Foto: Azfa Zaidan Naqi/LPM Kentingan

Taman Budaya Jawa Tengah Membawa Ekspresi Seniman dalam Pentas ‘Tidak Sekedar Tari’ Ke-83

Pentas seni bertajuk Tidak Sekedar Tari kembali digelar pada  Selasa (5/12) malam lalu di Wisma Seni Taman Budaya Jawa Tengah (TBJT), Surakarta. Bekerja sama dengan Studio Taksu, Yayasan EkosDance, SapujagadSquad, dan Forum Silahturami Sanggar Tari Jawa Tengah, kegiatan ini kembali menjadi pusat perhatian para pecinta seni. Acara ini bukan yang pertama digelar, melainkan sudah yang ke-83 dan menjadi wadah bagi seniman-seniman berbakat untuk mengekspresikan diri.

Kegiatan yang diadakan setiap dua bulan sekali ini menyajikan empat tarian oleh empat seniman pilihan yang mempersembahkan karya-karya luar biasa dalam bentuk performance, menggambarkan betapa seni tak terbatas pada satu medium saja. Keempat seniman berhasil mengendalikan suasana pendopo, pendopo yang menjadi saksi bisu bahwa kreativitas seni adalah tempat yang tepat untuk mengapresiasi keindahan dan keunikannya.

Iing Sayuti, salah satu seniman yang tampil pada malam itu, membuka pertunjukan dengan karyanya yang berjudul “TABLE”. Penampilannya memberikan sentuhan yang berbeda melalui perpaduan antara gerakan tari dan unsur-unsur meja. Tak kalah menarik, Riska Dwi Maryanti dengan karyanya berjudul “Ectomorph” menyajikan gerakan tubuh yang menggugah. Riska berhasil menyampaikan pesan mendalam melalui interpretasi visualnya. Puspita Putri, melalui karya berjudul “Side”, mengajak penonton masuk ke dalam dunianya yang penuh dengan nuansa sisi-sisi kehidupan yang terkadang terlupakan. Sementara itu, Dionisius dengan karyanya yang berjudul “Connect” berhasil menyatukan elemen-elemen yang berbeda dan menciptakan harmoni dalam perbedaan.

Keempat performance tersebut tidak hanya sekadar tarian, melainkan juga karya seni yang menggugah pemikiran dan perasaan penonton. Masing-masing tema memberikan perspektif baru, menciptakan ruang bagi refleksi dan apresiasi terhadap keberagaman seni. Dengan penataan yang apik dan atmosfer yang memikat, pertunjukan karya seni ini berhasil menciptakan pengalaman yang tak terlupakan bagi para penikmat seni. Sebuah penghargaan untuk keberanian seniman dalam mengeksplorasi batas-batas seni, menjadikan acara ini sebagai tonggak bersejarah dalam dunia seni pertunjukan lokal.

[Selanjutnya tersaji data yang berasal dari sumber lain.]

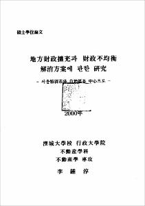 Three major basic elements in the local autonomy is said to be the right of independent legislation, independent organization, and independent finance. Among these elements, the right of independent legislation and organization seem to be established to some degree, but the right of independent finance has been suffering from high financial dependence on upper governments and great financial differentials between local governments, etc. Moreover, since democratic local autonomy has revived, financial demand have sharply increased due to increased needs for social welfare and increased cost requirements for the well-balanced development among local governments, etc. However, tax system has not been reformed adequately, so financial differentials and lack of financial resources have been getting worse. Thus the plan to solve the problems is needed urgently.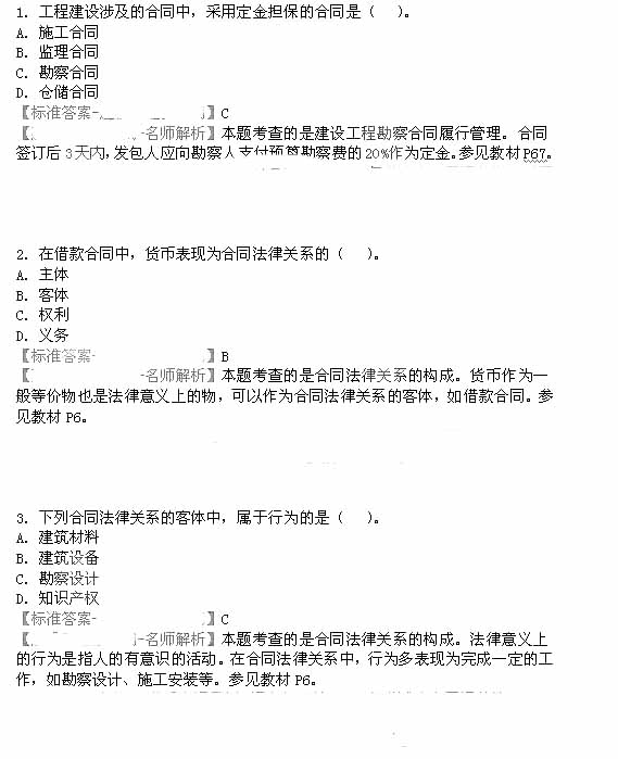 摘要 2015年監理工程師合同管理真題及答案(1-8題)

Puspita Putri, salah satu koreografer asal Solo membuat takjub para penonton dengan pengalaman “ketubuhan” yang ia bawakan. Menampilkan tarian dengan penuh semangat, ia menuturkan bahwa persiapannya dalam sajian ini membutuhkan waktu sepuluh hari karena adanya perubahan konsep serta bagian transisi pergantian kostum. Makna pada setiap gerakannya ia tuangkan dalam sajiannya pada malam itu dengan judul “Side”.

“Karya saya ini menjelaskan mengenai alter ego di mana alter ego itu merupakan kepribadian ke dua seseorang yang dibentuk secara sadar. Sebenarnya, hal tersebut berasal dari pengalaman empiris saya, di mana menurut teman-teman saya bahwasanya saya memiliki kepribadian yang berbeda di kehidupan sehari-hari dengan kepribadian ketika perform sehingga saya mencoba riset apakah hal tersebut ada kaitannya dengan psikologi sehingga muncullah alter ego yang berkaitan dengan psikologi.“ ungkap Puspita.